====== SUPPLIED MATERIAL

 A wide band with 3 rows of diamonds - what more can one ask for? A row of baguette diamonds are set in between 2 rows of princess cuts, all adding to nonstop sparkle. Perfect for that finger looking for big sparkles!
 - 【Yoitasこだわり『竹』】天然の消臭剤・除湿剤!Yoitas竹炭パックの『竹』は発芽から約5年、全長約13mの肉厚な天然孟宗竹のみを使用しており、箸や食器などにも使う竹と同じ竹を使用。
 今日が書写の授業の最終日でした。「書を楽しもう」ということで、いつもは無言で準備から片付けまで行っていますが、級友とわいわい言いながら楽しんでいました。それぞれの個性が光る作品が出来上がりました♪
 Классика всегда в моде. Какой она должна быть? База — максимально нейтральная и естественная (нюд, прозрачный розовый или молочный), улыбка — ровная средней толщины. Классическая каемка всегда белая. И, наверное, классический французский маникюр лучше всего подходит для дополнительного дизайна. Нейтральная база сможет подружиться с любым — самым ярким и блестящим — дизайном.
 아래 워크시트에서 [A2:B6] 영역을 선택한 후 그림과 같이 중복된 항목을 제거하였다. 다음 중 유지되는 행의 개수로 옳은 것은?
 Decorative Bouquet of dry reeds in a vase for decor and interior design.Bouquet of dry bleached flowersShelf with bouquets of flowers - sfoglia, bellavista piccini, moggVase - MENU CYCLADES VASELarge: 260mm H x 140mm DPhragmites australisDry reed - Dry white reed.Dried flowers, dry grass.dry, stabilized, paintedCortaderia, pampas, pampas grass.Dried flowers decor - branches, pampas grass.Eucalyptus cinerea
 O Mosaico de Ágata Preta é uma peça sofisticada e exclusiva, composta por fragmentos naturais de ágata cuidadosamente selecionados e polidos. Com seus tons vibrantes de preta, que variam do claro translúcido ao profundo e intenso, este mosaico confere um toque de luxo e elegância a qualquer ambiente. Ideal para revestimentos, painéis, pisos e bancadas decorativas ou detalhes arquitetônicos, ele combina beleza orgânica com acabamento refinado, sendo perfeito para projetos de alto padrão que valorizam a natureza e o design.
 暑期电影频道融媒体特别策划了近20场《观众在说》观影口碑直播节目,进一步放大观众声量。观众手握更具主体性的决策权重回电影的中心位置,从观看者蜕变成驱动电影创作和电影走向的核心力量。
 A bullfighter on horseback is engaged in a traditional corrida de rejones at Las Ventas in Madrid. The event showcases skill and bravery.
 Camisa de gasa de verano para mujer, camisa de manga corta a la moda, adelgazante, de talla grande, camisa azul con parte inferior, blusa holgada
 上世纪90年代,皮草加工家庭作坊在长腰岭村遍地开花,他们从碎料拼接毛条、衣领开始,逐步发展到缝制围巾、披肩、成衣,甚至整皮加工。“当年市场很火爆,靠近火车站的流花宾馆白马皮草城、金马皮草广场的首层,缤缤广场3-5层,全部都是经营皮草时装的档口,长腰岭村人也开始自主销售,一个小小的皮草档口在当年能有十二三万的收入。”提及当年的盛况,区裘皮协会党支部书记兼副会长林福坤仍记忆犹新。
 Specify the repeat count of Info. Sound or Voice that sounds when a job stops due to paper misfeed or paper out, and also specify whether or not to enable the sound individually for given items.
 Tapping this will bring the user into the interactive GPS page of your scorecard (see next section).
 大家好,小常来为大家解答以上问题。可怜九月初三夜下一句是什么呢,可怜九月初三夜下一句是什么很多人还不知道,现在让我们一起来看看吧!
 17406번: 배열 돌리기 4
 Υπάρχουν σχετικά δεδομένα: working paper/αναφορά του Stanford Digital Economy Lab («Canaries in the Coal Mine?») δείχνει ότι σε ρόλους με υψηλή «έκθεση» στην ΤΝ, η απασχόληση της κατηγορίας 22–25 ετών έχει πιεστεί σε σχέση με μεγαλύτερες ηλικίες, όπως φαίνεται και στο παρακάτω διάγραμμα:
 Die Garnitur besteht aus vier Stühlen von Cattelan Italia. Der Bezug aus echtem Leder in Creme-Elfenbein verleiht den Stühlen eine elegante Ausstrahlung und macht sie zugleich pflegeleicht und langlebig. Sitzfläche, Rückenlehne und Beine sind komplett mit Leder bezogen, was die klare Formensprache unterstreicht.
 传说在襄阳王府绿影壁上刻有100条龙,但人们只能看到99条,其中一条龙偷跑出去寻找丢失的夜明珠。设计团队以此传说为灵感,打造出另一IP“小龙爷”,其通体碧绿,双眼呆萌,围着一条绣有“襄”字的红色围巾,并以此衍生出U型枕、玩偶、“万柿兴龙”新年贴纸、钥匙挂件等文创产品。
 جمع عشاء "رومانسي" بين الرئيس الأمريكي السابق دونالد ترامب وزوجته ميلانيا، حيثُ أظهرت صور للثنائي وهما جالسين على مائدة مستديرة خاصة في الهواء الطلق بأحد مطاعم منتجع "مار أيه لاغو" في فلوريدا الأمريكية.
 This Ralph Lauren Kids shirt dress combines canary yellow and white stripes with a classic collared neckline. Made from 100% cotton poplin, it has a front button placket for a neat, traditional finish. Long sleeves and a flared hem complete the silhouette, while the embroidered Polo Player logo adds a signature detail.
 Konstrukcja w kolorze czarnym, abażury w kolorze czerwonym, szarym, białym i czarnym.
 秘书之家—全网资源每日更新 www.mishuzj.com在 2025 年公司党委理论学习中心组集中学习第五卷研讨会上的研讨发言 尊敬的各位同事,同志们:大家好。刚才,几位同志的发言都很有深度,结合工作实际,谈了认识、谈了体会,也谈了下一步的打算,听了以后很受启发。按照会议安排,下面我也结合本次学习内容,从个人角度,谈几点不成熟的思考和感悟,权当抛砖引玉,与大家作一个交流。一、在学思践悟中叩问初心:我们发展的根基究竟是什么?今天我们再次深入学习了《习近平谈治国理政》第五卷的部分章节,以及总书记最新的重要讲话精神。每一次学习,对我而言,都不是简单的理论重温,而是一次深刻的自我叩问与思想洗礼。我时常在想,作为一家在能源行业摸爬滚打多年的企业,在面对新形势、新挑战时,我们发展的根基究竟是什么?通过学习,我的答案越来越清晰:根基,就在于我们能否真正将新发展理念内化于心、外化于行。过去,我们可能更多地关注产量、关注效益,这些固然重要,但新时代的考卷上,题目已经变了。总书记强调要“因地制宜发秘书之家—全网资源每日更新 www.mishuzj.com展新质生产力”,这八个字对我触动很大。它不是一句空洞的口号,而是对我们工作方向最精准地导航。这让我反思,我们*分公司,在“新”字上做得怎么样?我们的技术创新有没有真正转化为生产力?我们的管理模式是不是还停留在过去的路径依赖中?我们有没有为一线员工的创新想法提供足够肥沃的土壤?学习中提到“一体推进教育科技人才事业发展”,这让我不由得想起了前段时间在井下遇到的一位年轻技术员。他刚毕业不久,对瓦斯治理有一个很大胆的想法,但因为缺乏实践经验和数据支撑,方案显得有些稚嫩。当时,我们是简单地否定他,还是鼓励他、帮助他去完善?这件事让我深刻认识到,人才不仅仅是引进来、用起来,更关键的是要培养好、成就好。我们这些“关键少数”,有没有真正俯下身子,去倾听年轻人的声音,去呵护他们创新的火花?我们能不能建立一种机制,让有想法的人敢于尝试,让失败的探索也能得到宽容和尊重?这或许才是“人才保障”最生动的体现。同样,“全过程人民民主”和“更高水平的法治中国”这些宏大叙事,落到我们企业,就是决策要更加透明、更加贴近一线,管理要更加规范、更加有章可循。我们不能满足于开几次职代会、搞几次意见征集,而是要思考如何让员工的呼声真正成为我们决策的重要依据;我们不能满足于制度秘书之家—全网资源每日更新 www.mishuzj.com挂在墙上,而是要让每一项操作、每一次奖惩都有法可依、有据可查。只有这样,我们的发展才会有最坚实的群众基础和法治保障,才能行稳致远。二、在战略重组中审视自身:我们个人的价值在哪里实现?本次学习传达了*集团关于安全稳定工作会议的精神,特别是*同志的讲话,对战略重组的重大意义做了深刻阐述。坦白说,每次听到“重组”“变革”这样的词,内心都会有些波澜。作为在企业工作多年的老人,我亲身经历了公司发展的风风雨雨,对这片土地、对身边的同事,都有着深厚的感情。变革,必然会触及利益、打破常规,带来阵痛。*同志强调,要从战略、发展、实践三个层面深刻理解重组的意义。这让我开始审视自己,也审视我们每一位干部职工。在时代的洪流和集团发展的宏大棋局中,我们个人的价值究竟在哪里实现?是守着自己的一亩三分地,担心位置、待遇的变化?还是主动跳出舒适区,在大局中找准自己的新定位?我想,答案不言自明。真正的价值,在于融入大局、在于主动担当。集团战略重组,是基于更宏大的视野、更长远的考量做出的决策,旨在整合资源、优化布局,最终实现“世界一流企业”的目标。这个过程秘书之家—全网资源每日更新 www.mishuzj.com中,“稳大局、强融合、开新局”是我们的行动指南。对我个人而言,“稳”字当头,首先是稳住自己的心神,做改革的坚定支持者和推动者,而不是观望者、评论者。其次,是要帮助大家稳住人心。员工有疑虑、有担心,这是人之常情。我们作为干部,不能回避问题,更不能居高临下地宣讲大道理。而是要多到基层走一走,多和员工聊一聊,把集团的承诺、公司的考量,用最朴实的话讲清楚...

============

I need every line of the material that includes "para", so please copy them out.

 O Mosaico de Ágata Preta é uma peça sofisticada e exclusiva, composta por fragmentos naturais de ágata cuidadosamente selecionados e polidos. Com seus tons vibrantes de preta, que variam do claro translúcido ao profundo e intenso, este mosaico confere um toque de luxo e elegância a qualquer ambiente. Ideal para revestimentos, painéis, pisos e bancadas decorativas ou detalhes arquitetônicos, ele combina beleza orgânica com acabamento refinado, sendo perfeito para projetos de alto padrão que valorizam a natureza e o design.
 Camisa de gasa de verano para mujer, camisa de manga corta a la moda, adelgazante, de talla grande, camisa azul con parte inferior, blusa holgada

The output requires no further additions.